The R128 numbers are one overall number.

What do you have in mind?

I was thinking that when using active crossovers or other system setup it could be useful to know the peak level of each channel so you can easily find the worst case scenario with at least your current media. I like how the analyzer displays RMS levels of each channel, but have often wanted it to also show the maximum RMS level during playback. Having that done during audio analysis makes more sense since real time analysis takes too much time.

I'm also wondering if a channel peak level could better help with convolution normalization. I've seen reports on both the Audiolense and Acourate forums that JRiver's "normalize filter volume" causes clipping and is recommended to be unchecked.

Matt · « **Reply #6 on:** July 09, 2013, 06:27:30 pm »

Quote from: mojave on July 09, 2013, 06:00:46 pm

I've seen reports on both the Audiolense and Acourate forums that JRiver's "normalize filter volume" causes clipping and is recommended to be unchecked.

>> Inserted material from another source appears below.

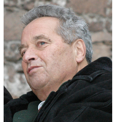
Altlandeshauptmann Wendelin Weingartner

Und die „Tiroler Tageszeitung“, alles andere als den Südtiroler Freiheitskämpfern wohlgesonnen, blieb aufgrund eigener Recherchen beharrlich dabei, dass es sich bei dem Vorfall um ein Unglück gehandelt

I know about this. Currently the normalize system pushes pink noise through the convolution engine and target -6dB of change.

However, with some filters this pushes them too hard and leads to clipping.

A more complicated normalization method would probably work better, but I'm not sure what it would be.

It's possible just changing the default to off and removing the words "recommended" would be enough for now.

6233638 · « **Reply #7 on:** July 09, 2013, 10:37:08 pm »

I think it's very important to also calculate a "downmix loudness" value for when videos are being downmixed to stereo, rather than just at the "native" number of channels.
If anything, downmixing needs normalization more than outputting multichannel does.

Matt · « **Reply #8 on:** July 10, 2013, 12:12:40 pm »

We'll switch the 'Peak Level' field to be a string, use decibels, and show per-channel levels.

Here's an example from a 5.1 music video I just tested:
-0.1 dB (-0.1 Left; -0.1 Right; -1.5 Center; -6.9 Sub; -12.3 SL; -12.4 SR)

Packing it into a single string might make it a little harder to manipulate the data, but the alternative was to create a pile of peak level fields for each channel which seemed a little messy.

Matt · « **Reply #9 on:** July 10, 2013, 12:29:49 pm »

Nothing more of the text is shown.